In 2011, the Government of India defined a Public Private Partnership or PPP or 3P as an arrangement between a Government entity and a private sector entity for the provision of public services or assets. In this article, we will talk about the Public Private Partnership model in India.
The Government also added that, in the arrangement between the two entities, the private sector entity makes investments or undertakes the management for a specified period of time.
Further, the risk allocation between the two entities is well-defined and the private sector entity receives performance-linked payments.
Additionally, these payments are benchmarked to specified and pre-determined performance standards which the public entity or its representative can measure.
Over the years, the state of infrastructure in India has evoked the interest of many domestic and international investors for the potential it offers.
If India plans to build a world-class infrastructure, then it would need large investments to make up for the deficit in both quantity and quality.
Therefore, the Government has explored the Public Private Partnership model in all areas of infrastructure like roads, energy, ports, etc. The Government has also made some regulatory changes to include PPPs in the infrastructure sector.
Browse more Topics under Indian Economy
A Public-Private Partnership is a collaborated effort between the private and public sectors to meet the paucity of capital investment for the development of infrastructure.
Around the world, the private sector finds it difficult to meet the financial requirements of infrastructure in isolation while tackling the risks which are inherent to building infrastructure.
Therefore, the PPP model becomes a viable, logical, and necessary option if the Government and the private sector have to work together.
According to the Government of India, a PPP project is a project based on a long-term contract or a concession agreement.
Further, this agreement is between the Government or a Statutory entity on one side and a private sector company on the other. The purpose of the agreement is the delivery of an infrastructure service on the payment of the charges.
In India, the Ministry of Finance centralizes the coordination of PPPs through its Department of Economic Affairs’ (DEA’s) PPP Cell.
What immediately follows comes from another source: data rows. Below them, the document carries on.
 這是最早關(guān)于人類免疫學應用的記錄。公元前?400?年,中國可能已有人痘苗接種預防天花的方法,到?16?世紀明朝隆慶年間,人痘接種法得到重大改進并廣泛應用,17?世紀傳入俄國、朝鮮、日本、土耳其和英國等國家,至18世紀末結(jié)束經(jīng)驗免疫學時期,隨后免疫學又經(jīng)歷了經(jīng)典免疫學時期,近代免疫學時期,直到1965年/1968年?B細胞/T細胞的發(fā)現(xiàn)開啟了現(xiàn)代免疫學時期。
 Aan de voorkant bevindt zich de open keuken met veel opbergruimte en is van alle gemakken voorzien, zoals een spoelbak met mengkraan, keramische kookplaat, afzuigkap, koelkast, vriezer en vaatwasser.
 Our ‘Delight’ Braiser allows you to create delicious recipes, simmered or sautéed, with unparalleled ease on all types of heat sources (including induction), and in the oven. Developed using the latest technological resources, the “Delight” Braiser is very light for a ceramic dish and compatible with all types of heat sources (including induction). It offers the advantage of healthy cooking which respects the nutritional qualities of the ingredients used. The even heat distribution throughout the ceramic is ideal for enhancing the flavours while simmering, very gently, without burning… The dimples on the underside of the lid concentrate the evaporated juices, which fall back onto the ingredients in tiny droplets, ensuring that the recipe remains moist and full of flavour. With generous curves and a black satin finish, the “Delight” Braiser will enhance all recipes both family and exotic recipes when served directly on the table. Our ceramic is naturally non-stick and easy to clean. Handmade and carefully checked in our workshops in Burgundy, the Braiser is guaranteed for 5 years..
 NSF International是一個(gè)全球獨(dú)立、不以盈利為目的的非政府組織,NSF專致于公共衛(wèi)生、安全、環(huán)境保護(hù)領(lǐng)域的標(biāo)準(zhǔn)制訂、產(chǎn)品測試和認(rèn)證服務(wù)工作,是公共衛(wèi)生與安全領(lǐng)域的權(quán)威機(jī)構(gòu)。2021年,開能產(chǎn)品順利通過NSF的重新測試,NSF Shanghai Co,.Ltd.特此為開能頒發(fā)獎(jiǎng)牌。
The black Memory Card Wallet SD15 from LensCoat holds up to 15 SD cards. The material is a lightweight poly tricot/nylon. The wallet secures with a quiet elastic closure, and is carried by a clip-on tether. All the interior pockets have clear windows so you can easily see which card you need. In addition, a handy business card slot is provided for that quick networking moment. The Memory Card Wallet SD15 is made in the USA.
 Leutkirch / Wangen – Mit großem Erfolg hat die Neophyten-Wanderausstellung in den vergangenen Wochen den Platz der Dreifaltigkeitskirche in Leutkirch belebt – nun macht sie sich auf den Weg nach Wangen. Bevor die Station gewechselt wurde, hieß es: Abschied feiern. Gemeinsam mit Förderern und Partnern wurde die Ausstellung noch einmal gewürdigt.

This cell streamlines the PPP procedures and strengthens the regulatory framework to expedite the approval of PPP projects.
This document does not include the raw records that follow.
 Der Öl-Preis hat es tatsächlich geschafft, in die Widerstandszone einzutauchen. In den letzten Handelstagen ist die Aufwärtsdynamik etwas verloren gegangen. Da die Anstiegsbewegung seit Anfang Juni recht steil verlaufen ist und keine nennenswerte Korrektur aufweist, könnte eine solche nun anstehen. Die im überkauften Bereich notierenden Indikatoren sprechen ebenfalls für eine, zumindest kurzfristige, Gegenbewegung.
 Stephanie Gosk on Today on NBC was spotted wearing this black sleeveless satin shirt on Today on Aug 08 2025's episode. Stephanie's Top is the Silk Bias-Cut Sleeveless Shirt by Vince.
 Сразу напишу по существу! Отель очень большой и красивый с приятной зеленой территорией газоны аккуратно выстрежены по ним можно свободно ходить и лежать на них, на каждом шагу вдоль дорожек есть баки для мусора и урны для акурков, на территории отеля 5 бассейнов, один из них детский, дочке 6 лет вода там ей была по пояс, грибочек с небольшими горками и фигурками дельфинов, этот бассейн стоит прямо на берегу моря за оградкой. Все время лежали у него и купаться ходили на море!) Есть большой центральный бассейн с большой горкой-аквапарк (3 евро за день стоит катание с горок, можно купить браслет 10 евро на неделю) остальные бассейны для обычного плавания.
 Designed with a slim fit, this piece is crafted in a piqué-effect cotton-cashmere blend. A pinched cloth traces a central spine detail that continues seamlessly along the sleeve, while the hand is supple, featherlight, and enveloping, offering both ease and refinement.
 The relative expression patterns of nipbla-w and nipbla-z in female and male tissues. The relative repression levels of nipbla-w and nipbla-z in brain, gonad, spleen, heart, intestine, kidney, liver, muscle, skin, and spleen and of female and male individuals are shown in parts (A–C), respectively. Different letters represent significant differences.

Further, the Government helps in the promotion of sustainability of the infrastructure projects through the Viability Gap Funding Scheme.
In 2006, the Government has also set up the India Infrastructure Finance Company Limited (IIFCL). This company provides long-term debt for financing infrastructure projects.
Further, in 2007, the Government of India launched the India Infrastructure Project Development Fund (IIPDF). This fund supports up to 75% of the project development expenses.
The Indian infrastructure is growing at an exponential speed. As of now, most PPPs are restricted to road development. The sector still has a lot of scopes and the PPPs are taking measures to achieve them.
Q1. What is a Public Private Partnership?
Answer: A Public Private Partnership is an arrangement between a Government entity and a private sector entity. This arrangement is for the provision of public services or assets. Further, in this arrangement, the private sector company either makes or investment or undertakes the management for a specific time-period. Also, there is a well-defined risk allocation between both parties. The private sector company receives performance-linked payments.